In 2009, only one third of Year 10 students actually knew what the Australian Constitution was.

I’m sure most Australians could name the first of US Presidents, but could they name the first Australian Prime Minister? It’s Edmund Barton, by the way.

Incredibly, our support for democracy is also waning. The most recent Lowy Institute poll found that less than half of all Australians aged 18-29 prefer democracy over any other kind of government.

This illustrates that politicians have an uphill battle already on their hands and they can’t contribute to this battle or make things worse by driving more voters away.

It was Henry Kissinger, I think, who said that ‘Ninety percent of the politicians give the other ten percent a bad name’.

In recent decades we’ve seen a conceited arrogance creeping into political discourse, contributing to political elites’ neglect of important characteristics of Western civilisation that some of them consider to be irrelevant or passé.

Driven by political correctness, Western values have been increasingly defined along procedural or materialist lines, while elements such as our religious traditions and our unique culture have somehow been relegated to second place, or even worse.

This is where the problem, I believe, has arisen, feeding the growing discontent amongst the electoral grassroots.

We seem to be going through some sort of existential crisis, if you will, which may be as damaging to the core of our national psyche as any of the struggles that we’ve faced in recent decades.

There is a distinct disconnect between the people and the faith they have in their representatives.

More and more, politics has become, or is seeming to become, a top-down process – removed from the sentiments that actually founded our system.

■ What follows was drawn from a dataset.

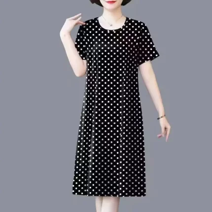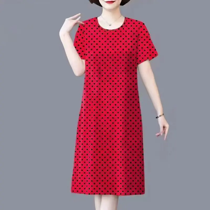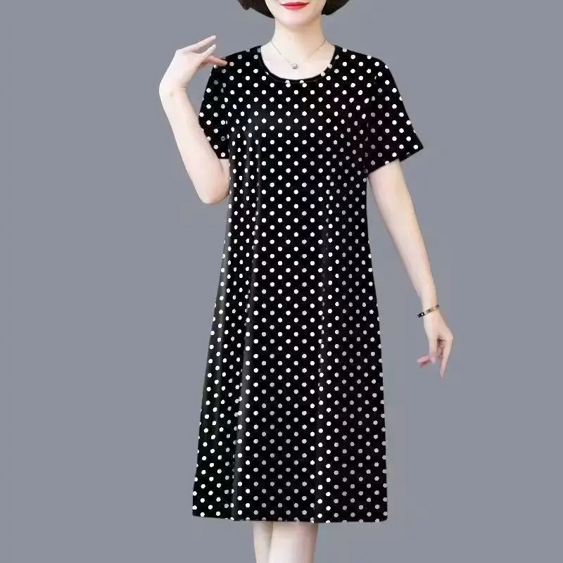 中老年妈妈装印花连衣裙2025夏季新款大码宽松遮肚时尚休闲中长裙

It’s as if the politicians have forgotten that Parliament House was deliberately built within the hill, not on top of it, so that it would, as the architect envisioned, “symbolically rise out of the Australian landscape, as true democracy rises from the state of things”. [ii]

The Australian‘s Paul Kelly got it right when he wrote:

“The trust between the political system and the people to sustain ambitious policy may now be severed.” [iii]

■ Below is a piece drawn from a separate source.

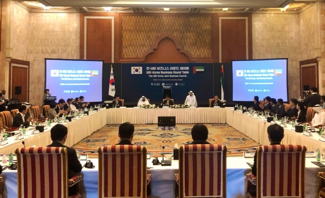 2023년 UAE 아부다비에서 개최된 한-UAE 비즈니스 라운드테이블 모습. 사진=한국무역협회
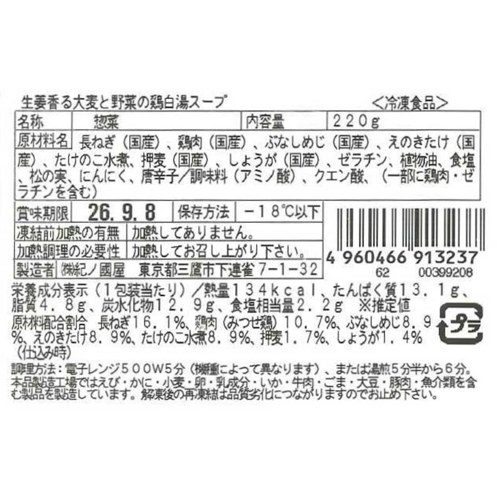 ・生姜香る大麦野菜の鶏白湯スープ:国産鶏肉のコク深い旨味が溶け込んだ、大麦、野菜を一層おいしく引き立てる生姜香る鶏白湯

Broken promises, politicians’ perks, spin over substance, scandals, little perceived difference between the major parties and a lack of focus on the issues that matter to the Australian people all help to fuel this chasm that is developing between politicians and the people.

The public now – sadly – expect pollies to break their promises, they expect us to weasel our way out of the tough questions and hide behind prepared lines.

To put it bluntly, political sophistry is no longer resonating with the Australian people.

We’ve seen it all too clearly in recent times. We’ve had Kevin Rudd, he paid for his about-face on the ‘greatest moral issue of our time’, Julia Gillard copped it for her ‘no carbon tax’ promise and you cannot dispute that the current government is being punished for the perceived sophistry of some of the positions it took to the election.

Voters don’t believe that their representatives will deliver what they say.

It’s as if political opinions are like lotto numbers: chosen at random to suit the mood of the day.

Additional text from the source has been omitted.